Table 1. Observed annually averaged Atlantic basin hurricanes (H), hurricane days (HD), major hurricanes (MH), and major hurricane days (MHD) during the multidecadal periods of 1878–99, 1900–25, 1926–69, 1970–94, and 1995–2006 (from Klotzbach and Gray, 2008)

Don’t look now, but Klotzbach and Gray have an answer, and it involves the Atlantic Multidecadal Oscillation (AMO), which is like an El Niño – La Niña oscillation in the North Atlantic – as seen In Figure 1, the AMO seems rather important in dictating hurricane activity in the Atlantic. The authors inconveniently note regarding major hurricanes (MH) “When the AMO is in its positive phase, TC activity in the Atlantic basin is heightened, especially for MH activity. Landfalling hurricanes along the U.S. coastline also become more frequent, with the most dramatic increases in a positive AMO phase being seen for the U.S. East Coast and the Florida Peninsula.”

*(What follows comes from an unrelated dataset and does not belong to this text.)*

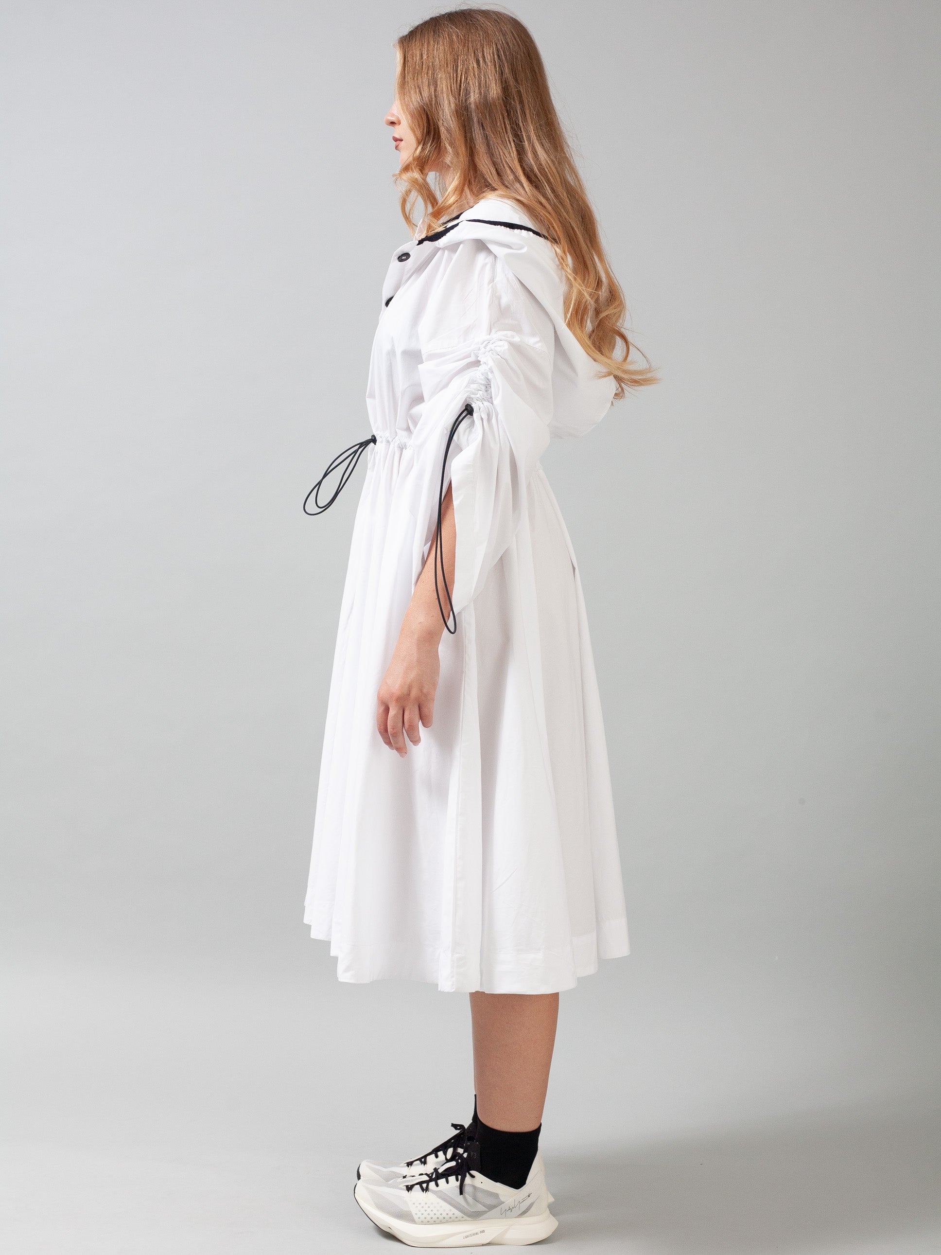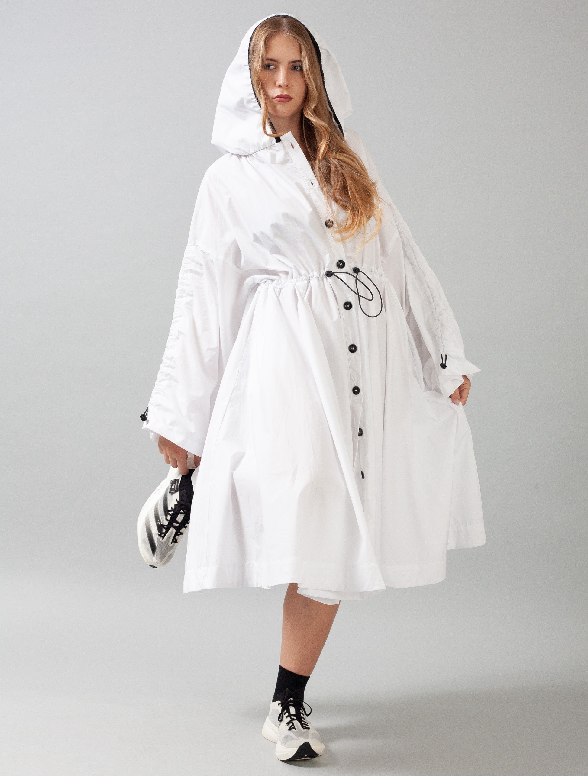 Made from compressed cotton poplin. It has button closure detail all the way down to be able to wear completely open, with an oversized hood, long billowing sleeves with draw string adjustable sleeves. It also has an adjustable draw string detail s in the front, making it a comfortable everyday piece for a relaxed look for a professional and relaxed look. It can be worn as a coat, shirt or dress.

Figure 1. Annually averaged Atlantic basin H, HD, MH, and MHD for the top 20 AMO years (blue bar) and the bottom 20 AMO years (red bar)(from Klotzbach and Gray, 2008)

Before any claim can be made that the 1995 to near-present period is all that unusual, the pair notes “This dramatic multidecadal landfall variability is even more pronounced when considering MH landfalls along the Florida Peninsula. During the 33-yr period from 1933 to 1965, 11 MH made landfall, while during the following 38-yr period (1966–2003), only one MH made landfall (Hurricane Andrew in 1992).” So much of a great increase in hurricane activity thanks to the buildup of greenhouse gases!

Klotzbach and Gray are seasoned players, and they end with the sentence “Additional research involving potential physical drivers of the AMO should be conducted.” Send your millions of tax dollars to World Climate Report, and we’ll look into it?

The bottom line is that claims that hurricanes are increasing due to global warming are questionable, if not laughable given the enormous amount of evidence that at the very least suggests this is a very complex question.

Reference:

Klotzbach, P.J. and W.M. Gray. 2008. Multidecadal variability in North Atlantic tropical cyclone activity. Journal of Climate, 21, 3929-3935.